Equilibrium shapes and elastic moduli

The shapes that were computed for the elastic shell representing the nucleus, and for the engulfing cylindrical elastic layer representing the hollow actin cylinder, are shown for gradually increasing values of the Young's modulus of the shell, E_s (Fig. 4). The color code corresponds to values of the elastic energy density measured in kJ/m³. Using the entire collection of computed equilibrium shapes for different values of the elastic modulus, E_s and ν_s, we generated two diagrams that describe the expected values of semiaxes of the deformed shell’s final shape (Fig. 5).

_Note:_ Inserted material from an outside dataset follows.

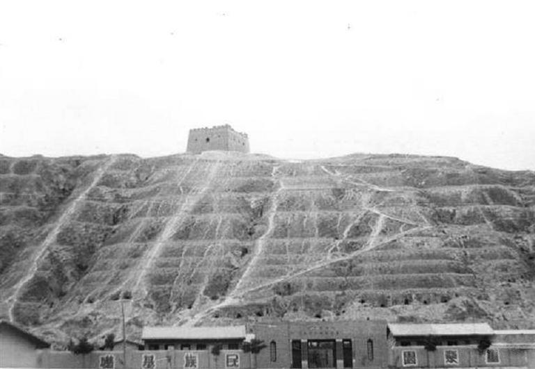 抗戰期間,蘭州防空司令部在皋蘭山四墩坪修筑的防空瞭望哨和警報器設置點。(資料照片)

The first diagram (Fig. 5 A) displays axes in absolute values, whereas the second diagram (Fig. 5 B) shows the same data as a dimensionless ratio of the polar and equatorial radii.

Figure 4.

Equilibrium shapes (cross-sectional view) of the nucleus and the actin tube for increasing values of the Young's modulus of the nucleus, E_s = 25, 60, 100, and 150 kPa at ν_s = 0.3. The values of the corresponding nucleus semiaxes: equator radius, a, and polar radius, c, are represented in μm below each image. Color bars represent the volume density of the elastic energy measured in kJ/m³. To see this figure in color, go online.

Figure 5.

Computed dimensions of the nucleus in the semiellipsoidal approximation as a function of the elastic moduli E_s and ν_s. (A) Absolute values of the semiaxes of the final deformed nucleus. (B) Ratio of the polar radius to the equator radius. The gray dotted line represents the average observed ratio of the axes of the deformed nucleus (2:1) that corresponds to E_s ∼ 60 kPa and ν_s > 0.3.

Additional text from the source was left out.